Автор книги: Оливи Блейк



сообщить о нарушении

Текущая страница: 17 (всего у книги 27 страниц)

IV. 7

(Подведение итогов)

Роман обсуждал с отцом незначительную проблему со снижением дохода, ожидая Дмитрия. Наконец, тот вошёл в комнату.

– Дима, – нерешительно окликнул Роман. – Где ты был?

Взгляд Дмитрия, холодный и отстранённый, скользнул по Роману, игнорируя Кощея, который тихо потягивал виски.

– Не дома, – ответил он.

– Дима, – вздохнул Кощей, маня его жестом. – Сядь со мной, пожалуйста.

Глаза Дмитрия переместились с Романа на отца.

– Почему, – отозвался он ровным тоном, – ты проводишь инвентаризацию? Считай своих сыновей тщательно, папа. – Его губы сжались в жёсткую линию. – Тебе всё ещё не хватает одного.

В этот момент Дмитрий выглядел одновременно более сияющим и уверенным, но вместе с тем заметно менее живым. Он казался недосягаемым, словно статуя, высеченная из камня: неподвижный, неуязвимый. В этот момент он напоминал отца больше, чем когда-либо прежде.

Роман впервые ощутил на себе вес слов «сын Кощея», глядя на старшего брата. Его охватил неожиданный и неприятный озноб.

– Дима, – мягко сказал Кощей. – Пожалуйста. Я понимаю, что ты сердишься на меня…

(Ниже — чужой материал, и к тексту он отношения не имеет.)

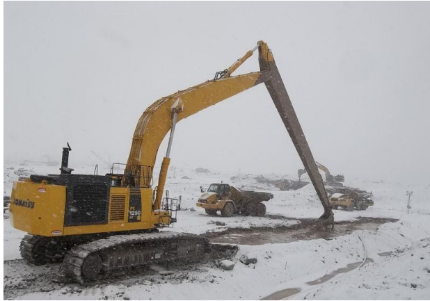
Figure 9. Snowy site conditions during winter work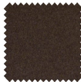
taupe 1008 (fr)

Please note: colours may vary according to your screen settings.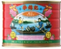
Premium Oyster Sauce 舊庄特級蠔油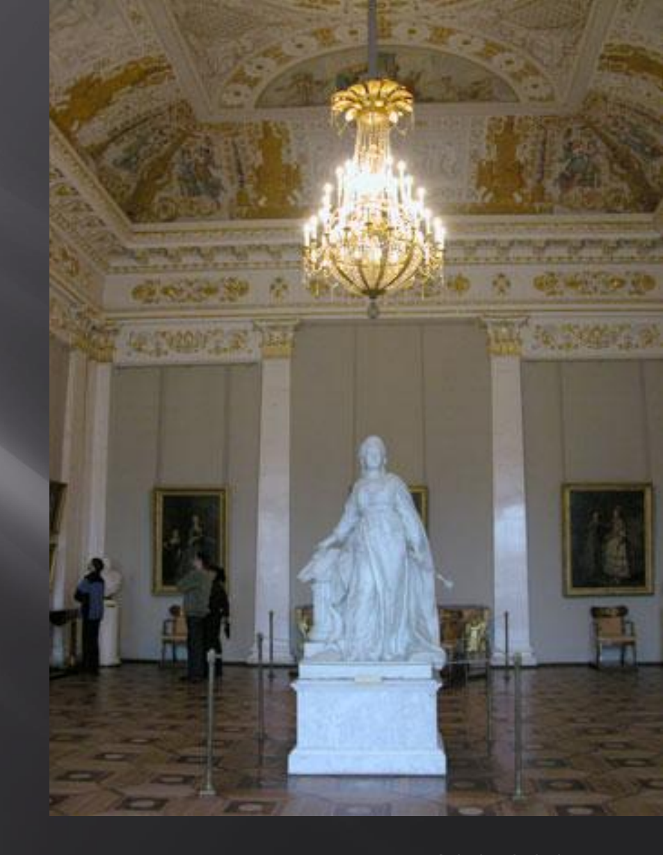
The collection of the State Russian Museum amounts to 400.000 exhibits of paintings, graphic art, sculpture, decorative and fork art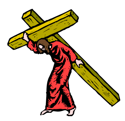
A Traditional Way of the Cross

The Way of the Cross (Stations of the Cross, Via Dolorosa, Via Crucis, Devotion to Jesus)

Дмитрий развернулся и пошел прочь. Роман видел, как отец много раз поступал так с другими мужчинами. В отсутствии тоже есть сила – демонстрация того, что твоё время слишком ценно, чтобы тратить его на неважное. Это был инструмент подчинения, и теперь Дмитрий использовал его безупречно, отвернувшись от них обоих – Кощея и Романа – и бесшумно исчезнув в своей спальне. Это не было вспышкой гнева: никакого хлопанья дверьми, никакого топота ног. Дмитрий Фёдоров просто решил, что они не заслуживают его внимания, и оставил их.

Кощей медленно выдохнул.

– Ты должен ему сказать, – тихо посоветовал Роман.

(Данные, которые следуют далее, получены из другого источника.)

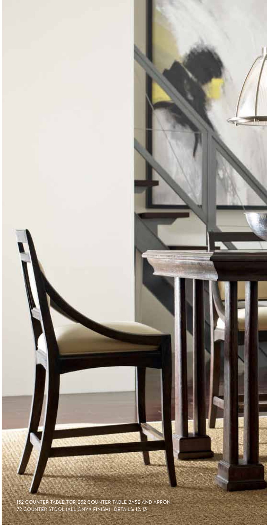
132 COUNTER TABLE TOP, 232 COUNTER TABLE BASE AND APRON, 72 COUNTER STOOL (ALL ONYX FINISH) DETAILS: 12, 13

BOTTOM: The oval shaping of double-pillar table legs whispers Art Deco and softens the look.

Кощей едва заметно моргнул.

– Он будет только сильнее тебя презирать, Ромик.

– Возможно, – согласился Роман. – Но всё же. Тебе тяжело видеть его таким.

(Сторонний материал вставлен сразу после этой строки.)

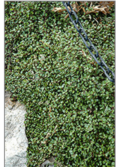
Creeping Wire Vine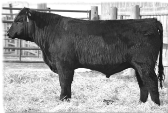
LOT 42 - CCL RIGHT TIME 133X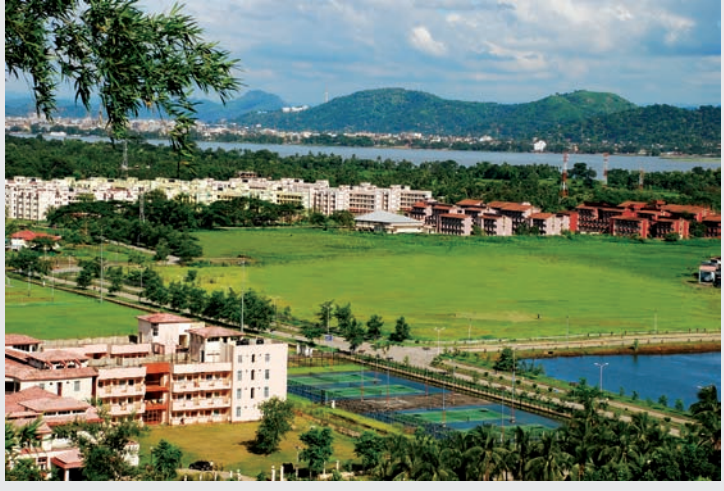
Sports fields with Girls' Hostel in the foreground and Boys' Hostels in the background

Тёмный взгляд Кощея скользнул на младшего сына.

– Это не дело Димы, я сам решаю чьи долги оплачивать и как. Моя сделка с Бриджем не подлежит обсуждению. Я рассказал об этом тебе только потому, что это касалось тебя. И потому, что если он прав…

– Если Бридж сказал правду, и Маша жива, то она придёт за мной, – пробормотал Роман, и Кощей издал лёгкий вздох неодобрения.

– Ты всегда думаешь слишком мелко, Ромик.

Кощей провёл пальцами по тени на стене, и Роман ощутил острый укол раздражения.

– Яга и её дочери – не праздные игроки, – объяснил Кощей. – Они не мстят, если не видят в этом выгоды. Для них ставки всегда высоки. Если Бридж прав или если они решат нарушить условия нашей сделки, – добавил он мрачно, – то Баба Яга не станет целиться в мелкую рыбу.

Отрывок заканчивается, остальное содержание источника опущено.